I have heard great things from his pups..
Looking forward to warmer weather up here..


----------



## Terry Marshall (Jan 12, 2011)

*Pups are not knuckleheads and not for the heavy handed.Other pups I have seen are doing well in derby as well.*

Well said, I bred Ford to my MH a neice to Bullet and had a litter of 11 on 3/18/15. One male and 10 females. I kept 2 females, the first born a yellow EIC carrier and a black 7th born EIC Clear.Plus I have two back in training. Fantastic marking dogs, super disposition, always wanting to kiss you, great with other dogs, and all swim like beavers from day one. The male, RENO is owned by John Vaeth in New Orleans and he's got this dog ready to run Derbys if he wants to, but I don't think that's in his plans. My dogs have been on the back burner as I have had some help issues and client dogs take priority.
But as a dog guy I couldn't be happier with the pups, mine have a tendency to pounce on the mark which is cute, will load in a top box on my trailer, one actually loaded in my F350 w the tail gate up!!!!!
They are sweet pups and a trainer with a heavy hand or one with his finger on the button will not get the potential out of these dogs.......Don't get carried away with the time table, some might not be mature enough for the Derby but the trainer with patience and consistency will be rewarded. GOOD DOGS


----------



## Renee P. (Dec 5, 2010)

Terry Marshall said:


> *Pups are not knuckleheads and not for the heavy handed.Other pups I have seen are doing well in derby as well.*
> 
> Well said, I bred Ford to my MH a neice to Bullet and had a litter of 11 on 3/18/15. One male and 10 females. I kept 2 females, the first born a yellow EIC carrier and a black 7th born EIC Clear.Plus I have two back in training. Fantastic marking dogs, super disposition, always wanting to kiss you, great with other dogs, and all swim like beavers from day one. The male, RENO is owned by John Vaeth in New Orleans and he's got this dog ready to run Derbys if he wants to, but I don't think that's in his plans. My dogs have been on the back burner as I have had some help issues and client dogs take priority.
> But as a dog guy I couldn't be happier with the pups, mine have a tendency to pounce on the mark which is cute, will load in a top box on my trailer, one actually loaded in my F350 w the tail gate up!!!!!
> They are sweet pups and a trainer with a heavy hand or one with his finger on the button will not get the potential out of these dogs.......Don't get carried away with the time table, some might not be mature enough for the Derby but the trainer with patience and consistency will be rewarded. GOOD DOGS


Terry, I think you got the wrong Ford.


----------



## Chipper31 (Mar 8, 2009)

I have heard great things from his pups..
Looking forward to warmer weather up here..


----------



## Terry Marshall (Jan 12, 2011)

mitty said:


> Terry, I think you got the wrong Ford.


Is there more than one Ford.....This FC AFC Fordlands Bored Out Ford .... with 241 1/2 points in his life time HOF dog .... No One should ever be able to use this dogs name, it's a travesty if they did..kinda like jerseys... for gods sake add another name or number like Ford Want To Be!


----------



## Renee P. (Dec 5, 2010)

Terry Marshall said:


> Is there more than one Ford.....This FC AFC Fordlands Bored Out Ford .... with 241 1/2 points in his life time HOF dog .... No One should ever be able to use this dogs name, it's a travesty if they did..kinda like jerseys... for gods sake add another name or number like Ford Want To Be!
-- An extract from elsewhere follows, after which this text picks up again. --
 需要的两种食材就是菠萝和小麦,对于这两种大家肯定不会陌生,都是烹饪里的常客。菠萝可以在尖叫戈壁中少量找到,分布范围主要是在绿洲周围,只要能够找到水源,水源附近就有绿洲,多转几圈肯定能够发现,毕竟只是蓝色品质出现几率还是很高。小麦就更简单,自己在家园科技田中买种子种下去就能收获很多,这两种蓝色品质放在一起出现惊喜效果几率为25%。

Yes, the OP asked about FC AFC Sweetie's Easy Rider, call name Ford. He is Chopper X FC Ms. Sweetie. I heard he doesn't throw yellow so figured there was a mixup. He's a super nice dog, tearing up the place.


----------



## Terry Marshall (Jan 12, 2011)

mitty said:


> Yes, the OP asked about FC AFC Sweetie's Easy Rider, call name Ford. He is Chopper X FC Ms. Sweetie. I heard he doesn't throw yellow so figured there was a mixup. He's a super nice dog, tearing up the place.
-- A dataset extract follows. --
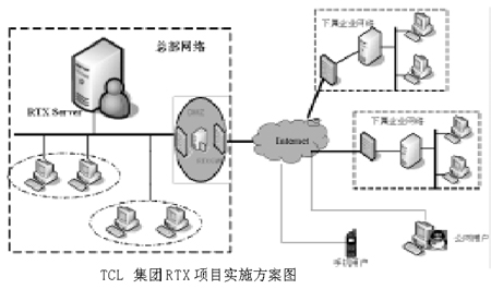 為充分發(fā)揮現(xiàn)有信息基礎(chǔ)設(shè)施和IT應(yīng)用的作用,促進(jìn)企業(yè)的實時商務(wù)運作,節(jié)約開支,集團(tuán)公司在廣泛調(diào)查實時企業(yè)IM軟件的基礎(chǔ)上,于2002年10月對騰訊公司的RTX實時應(yīng)用軟件前身BQQ進(jìn)行了嚴(yán)格的評估和論證,認(rèn)為在如下幾個方面騰訊公司的企業(yè)IM軟件能夠解決TCL集團(tuán)公司面臨的實際問題:①業(yè)務(wù)地點分散,網(wǎng)絡(luò)結(jié)構(gòu)復(fù)雜;②業(yè)務(wù)復(fù)雜,無法形成集中統(tǒng)一的工作流管理系統(tǒng);③人員素質(zhì)差異性較大,復(fù)雜的IT應(yīng)用如OA系統(tǒng)等應(yīng)用推廣受到一定阻力;④集團(tuán)內(nèi)部缺乏一個公共實時交流平臺,企業(yè)內(nèi)部溝通不暢;目前集團(tuán)公司內(nèi)部主要通過電話、傳真和E_mail這些傳統(tǒng)工具傳遞信息,企業(yè)的實時化大受影響。而且騰訊公司的RTX產(chǎn)品投入低,上手快,于是TCL集團(tuán)領(lǐng)導(dǎo)決定上馬RTX項目,自上而下推廣RTX項目。

OOOPPPS sorry I would have called that dog FONDA


----------



## Chipper31 (Mar 8, 2009)

Please check the original post. You are referring to a different Ford


----------



## Russ (Jan 3, 2003)

We have a Ford pup that is 21 months old. He is very high energy. He often growls as he pounces on the bird on the fly and has big launches into the water on his return with the bird. He is a very good marker and is a team player on blinds and loves all aspects of the game, including drills. He can take pressure well but hates to be corrected, even if it is just a whistle.

He craves as much attention as he can get, constantly wanting to play or be petted. He is still a puppy. He TPed the house this week by grabbing the end of the toilet paper roll in the bathroom and running all through several rooms and out into the back yard. In our experience that is something that is more typical of a 5 month old.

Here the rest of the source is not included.